Epilepsie ist eine Erkrankung des Gehirns, bei der es zu wiederholten, unkontrollierbaren Anfällen kommt. Diese Anfälle entstehen durch plötzliche elektrische Entladungen im Gehirn, die das normale Gehirnaktivitätsmuster stören. Ein epileptischer Anfall ist definiert als eine kurze Störung der Hirnfunktion, die sich durch das Auftreten abnormen Verhaltens äußert.

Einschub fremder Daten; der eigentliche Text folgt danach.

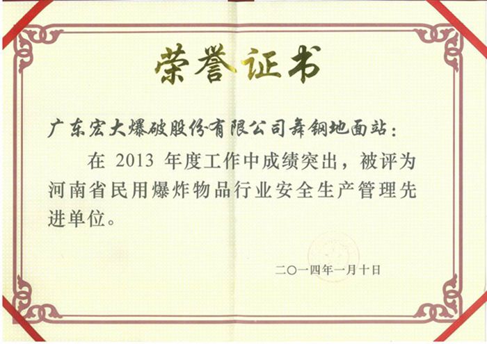 1月13日,在河南省国防科学技术工业局主持召开的2014年全省民用爆炸物品行业安全生产工作会议上,我公司河南舞钢地面站获得2013年度“河南省民用爆炸物品行业安全生产管理先进单位”称号,其中周伟光同志被评为2013年度“河南省民用爆炸物品行业安全生产管理先进工作者”。 混装业务部 申卫峰

Ursachen von Epilepsie bei Tieren
Die Ursachen für Epilepsie bei Hunden sind vielfältig und können in verschiedene Kategorien unterteilt werden:
- Idiopathische Epilepsie (primäre Epilepsie oder genetische Epilepsie): Diese Form ist die häufigste und hat keine erkennbare Ursache. Sie tritt meist bei jungen bis mittelalten Hunden auf und ist genetisch bedingt. Forschungsergebnisse legen nahe, dass die Krankheit autosomal-rezessiv vererbt wird, was bedeutet, dass beide Elternteile Träger der Genmutation sein müssen, damit ihre Nachkommen am Gendefekt leiden. Anhand bildgebender Diagnostik ist eine idiopathische Epilepsie nicht nachvollziehbar, da im Gehirn keine Auffälligkeiten zu erkennen sind. Die Krampfanfälle können bereits bei jungen Hunden auftreten. Zwischen zwei Anfällen sind die Tiere komplett symptomfrei.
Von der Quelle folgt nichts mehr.